(Instructions to follow):
Please return every record exactly, with no pictures included.

(Data supplied):
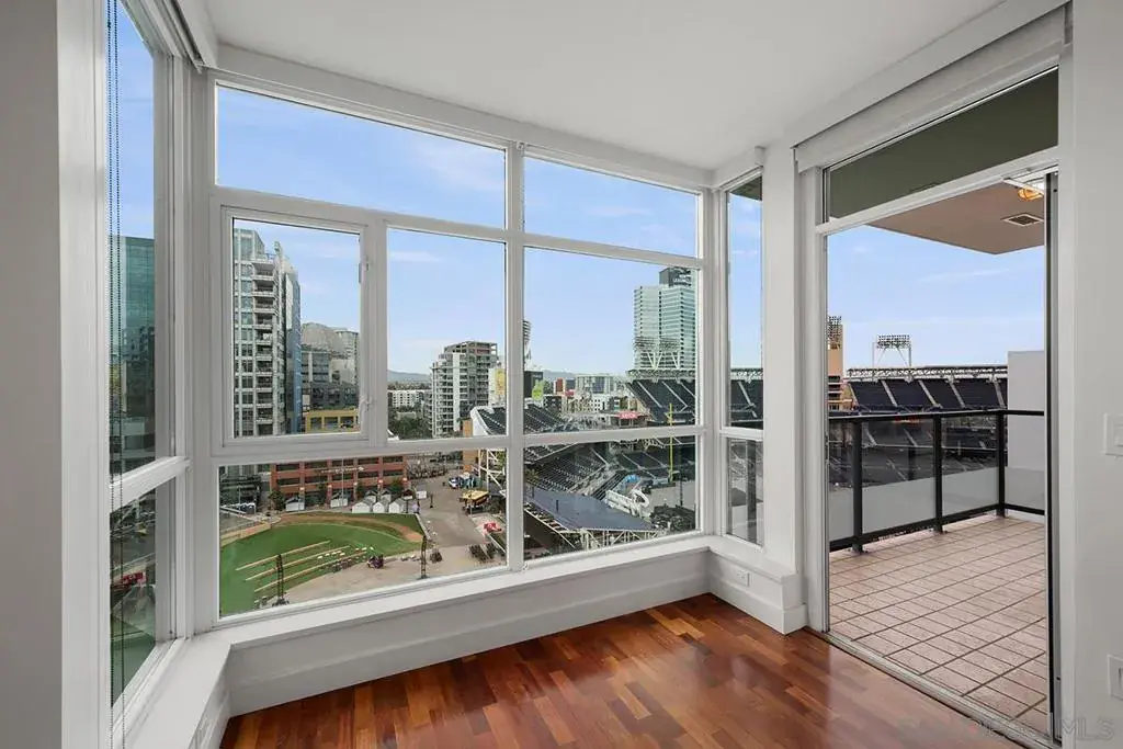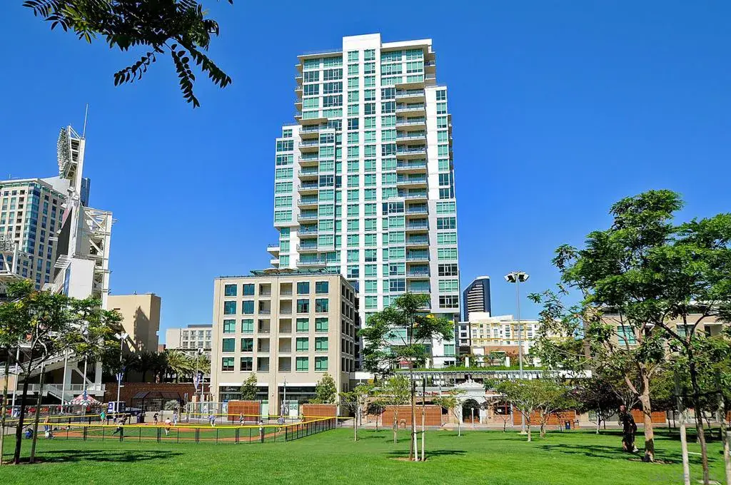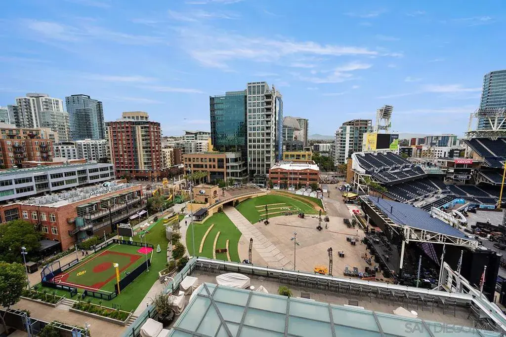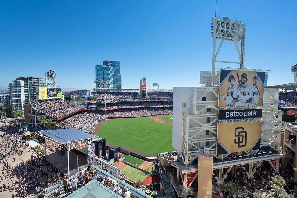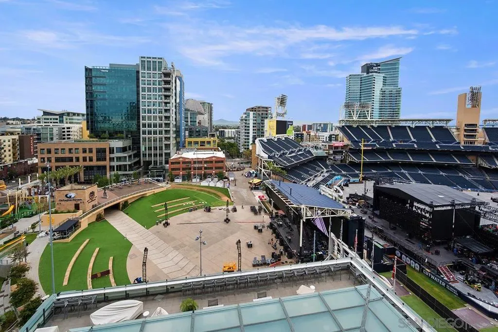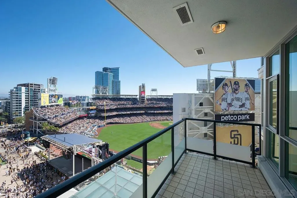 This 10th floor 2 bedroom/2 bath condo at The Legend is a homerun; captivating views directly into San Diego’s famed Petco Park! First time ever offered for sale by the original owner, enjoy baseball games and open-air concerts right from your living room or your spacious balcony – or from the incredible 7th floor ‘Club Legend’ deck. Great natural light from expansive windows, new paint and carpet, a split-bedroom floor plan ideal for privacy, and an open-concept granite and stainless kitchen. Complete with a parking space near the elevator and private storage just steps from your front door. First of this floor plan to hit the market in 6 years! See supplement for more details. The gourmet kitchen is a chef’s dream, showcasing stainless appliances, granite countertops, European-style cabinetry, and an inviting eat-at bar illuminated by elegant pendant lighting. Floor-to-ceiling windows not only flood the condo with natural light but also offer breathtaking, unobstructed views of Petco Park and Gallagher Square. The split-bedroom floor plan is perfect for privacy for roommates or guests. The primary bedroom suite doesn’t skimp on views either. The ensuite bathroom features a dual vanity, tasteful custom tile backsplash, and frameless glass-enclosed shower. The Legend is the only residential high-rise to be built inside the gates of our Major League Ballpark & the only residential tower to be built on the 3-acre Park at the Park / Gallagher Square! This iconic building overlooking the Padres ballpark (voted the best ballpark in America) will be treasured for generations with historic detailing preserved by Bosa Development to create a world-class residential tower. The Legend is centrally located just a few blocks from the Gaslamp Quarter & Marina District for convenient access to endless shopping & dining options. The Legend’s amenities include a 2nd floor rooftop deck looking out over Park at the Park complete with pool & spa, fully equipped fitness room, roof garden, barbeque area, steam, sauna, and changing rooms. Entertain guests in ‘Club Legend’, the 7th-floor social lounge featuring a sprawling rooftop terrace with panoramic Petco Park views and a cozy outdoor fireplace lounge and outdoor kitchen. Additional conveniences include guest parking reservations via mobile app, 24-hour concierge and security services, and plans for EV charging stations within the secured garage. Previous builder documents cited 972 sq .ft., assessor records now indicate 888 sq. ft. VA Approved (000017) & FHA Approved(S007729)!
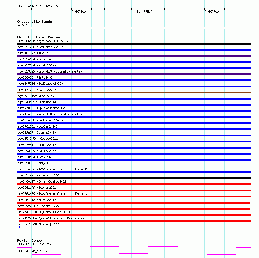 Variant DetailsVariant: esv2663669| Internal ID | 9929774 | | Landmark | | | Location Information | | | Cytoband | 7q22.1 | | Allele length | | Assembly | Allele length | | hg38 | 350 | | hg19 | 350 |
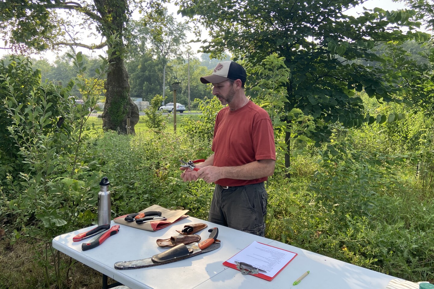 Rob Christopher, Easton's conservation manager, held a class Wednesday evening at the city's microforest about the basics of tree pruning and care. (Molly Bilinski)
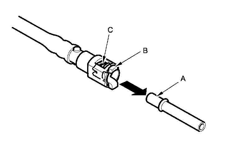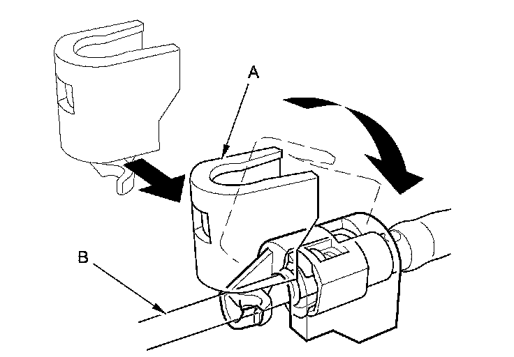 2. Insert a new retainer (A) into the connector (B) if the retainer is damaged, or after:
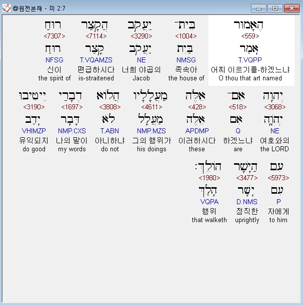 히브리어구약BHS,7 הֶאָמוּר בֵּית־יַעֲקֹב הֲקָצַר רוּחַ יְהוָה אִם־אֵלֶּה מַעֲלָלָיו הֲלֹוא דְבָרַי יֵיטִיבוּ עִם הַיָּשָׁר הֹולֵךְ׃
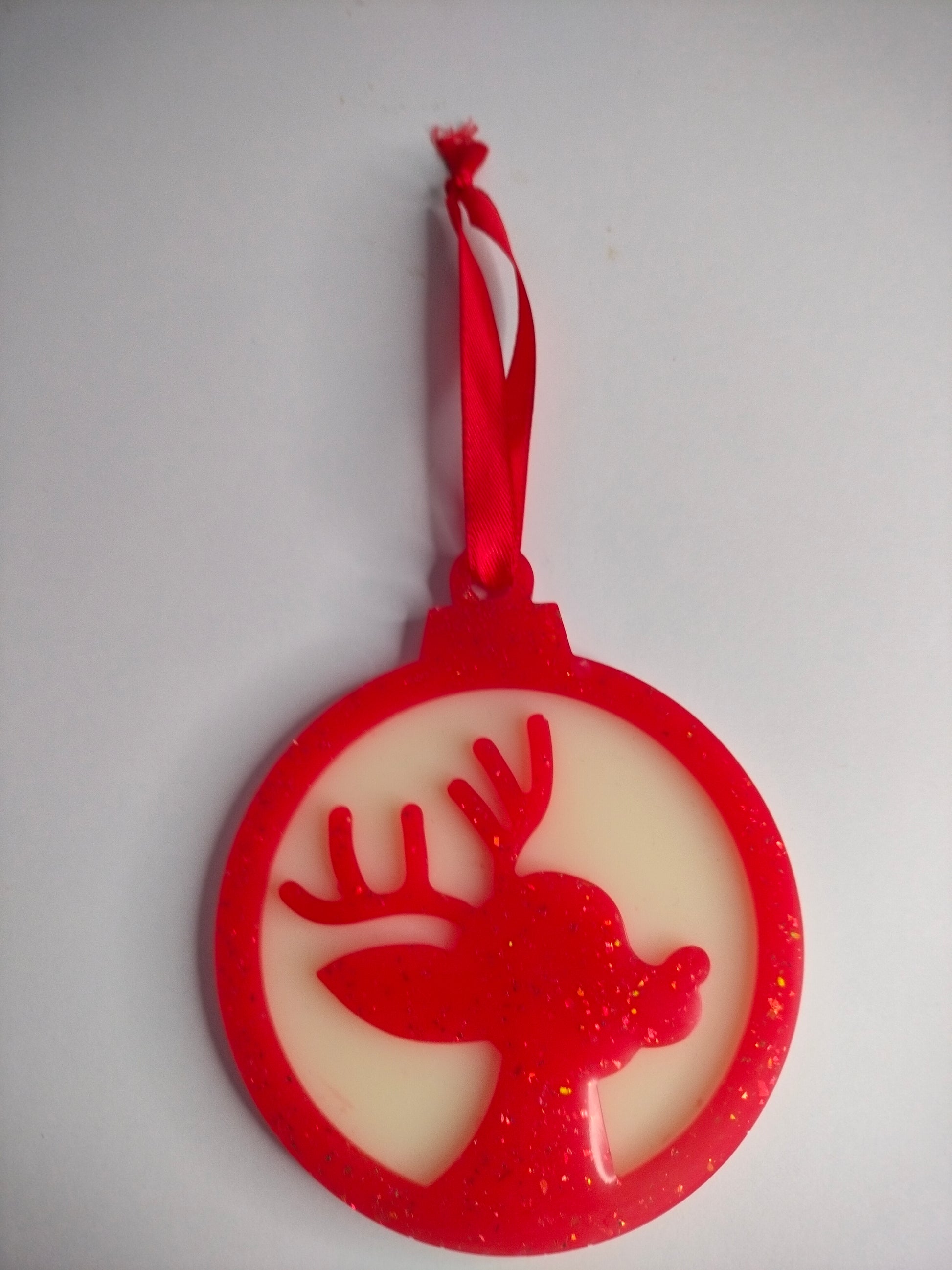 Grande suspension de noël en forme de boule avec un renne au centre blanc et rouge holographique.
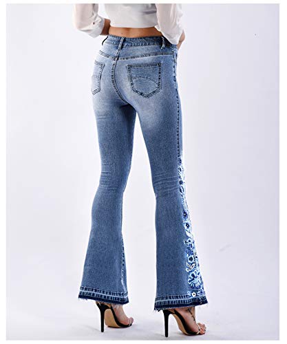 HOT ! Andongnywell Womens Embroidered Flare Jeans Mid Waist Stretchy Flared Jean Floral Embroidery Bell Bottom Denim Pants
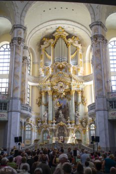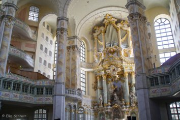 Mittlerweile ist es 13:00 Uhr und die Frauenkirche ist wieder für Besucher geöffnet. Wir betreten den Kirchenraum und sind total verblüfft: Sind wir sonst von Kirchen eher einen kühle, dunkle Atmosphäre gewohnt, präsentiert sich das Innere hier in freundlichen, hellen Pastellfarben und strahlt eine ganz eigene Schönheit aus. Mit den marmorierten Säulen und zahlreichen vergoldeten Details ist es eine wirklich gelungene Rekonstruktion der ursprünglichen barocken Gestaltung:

(Expected output):
 This 10th floor 2 bedroom/2 bath condo at The Legend is a homerun; captivating views directly into San Diego’s famed Petco Park! First time ever offered for sale by the original owner, enjoy baseball games and open-air concerts right from your living room or your spacious balcony – or from the incredible 7th floor ‘Club Legend’ deck. Great natural light from expansive windows, new paint and carpet, a split-bedroom floor plan ideal for privacy, and an open-concept granite and stainless kitchen. Complete with a parking space near the elevator and private storage just steps from your front door. First of this floor plan to hit the market in 6 years! See supplement for more details. The gourmet kitchen is a chef’s dream, showcasing stainless appliances, granite countertops, European-style cabinetry, and an inviting eat-at bar illuminated by elegant pendant lighting. Floor-to-ceiling windows not only flood the condo with natural light but also offer breathtaking, unobstructed views of Petco Park and Gallagher Square. The split-bedroom floor plan is perfect for privacy for roommates or guests. The primary bedroom suite doesn’t skimp on views either. The ensuite bathroom features a dual vanity, tasteful custom tile backsplash, and frameless glass-enclosed shower. The Legend is the only residential high-rise to be built inside the gates of our Major League Ballpark & the only residential tower to be built on the 3-acre Park at the Park / Gallagher Square! This iconic building overlooking the Padres ballpark (voted the best ballpark in America) will be treasured for generations with historic detailing preserved by Bosa Development to create a world-class residential tower. The Legend is centrally located just a few blocks from the Gaslamp Quarter & Marina District for convenient access to endless shopping & dining options. The Legend’s amenities include a 2nd floor rooftop deck looking out over Park at the Park complete with pool & spa, fully equipped fitness room, roof garden, barbeque area, steam, sauna, and changing rooms. Entertain guests in ‘Club Legend’, the 7th-floor social lounge featuring a sprawling rooftop terrace with panoramic Petco Park views and a cozy outdoor fireplace lounge and outdoor kitchen. Additional conveniences include guest parking reservations via mobile app, 24-hour concierge and security services, and plans for EV charging stations within the secured garage. Previous builder documents cited 972 sq .ft., assessor records now indicate 888 sq. ft. VA Approved (000017) & FHA Approved(S007729)!
 Variant DetailsVariant: esv2663669| Internal ID | 9929774 | | Landmark | | | Location Information | | | Cytoband | 7q22.1 | | Allele length | | Assembly | Allele length | | hg38 | 350 | | hg19 | 350 |
 Rob Christopher, Easton's conservation manager, held a class Wednesday evening at the city's microforest about the basics of tree pruning and care. (Molly Bilinski)
 2. Insert a new retainer (A) into the connector (B) if the retainer is damaged, or after:
 히브리어구약BHS,7 הֶאָמוּר בֵּית־יַעֲקֹב הֲקָצַר רוּחַ יְהוָה אִם־אֵלֶּה מַעֲלָלָיו הֲלֹוא דְבָרַי יֵיטִיבוּ עִם הַיָּשָׁר הֹולֵךְ׃
 Grande suspension de noël en forme de boule avec un renne au centre blanc et rouge holographique.
 HOT ! Andongnywell Womens Embroidered Flare Jeans Mid Waist Stretchy Flared Jean Floral Embroidery Bell Bottom Denim Pants
 Mittlerweile ist es 13:00 Uhr und die Frauenkirche ist wieder für Besucher geöffnet. Wir betreten den Kirchenraum und sind total verblüfft: Sind wir sonst von Kirchen eher einen kühle, dunkle Atmosphäre gewohnt, präsentiert sich das Innere hier in freundlichen, hellen Pastellfarben und strahlt eine ganz eigene Schönheit aus. Mit den marmorierten Säulen und zahlreichen vergoldeten Details ist es eine wirklich gelungene Rekonstruktion der ursprünglichen barocken Gestaltung:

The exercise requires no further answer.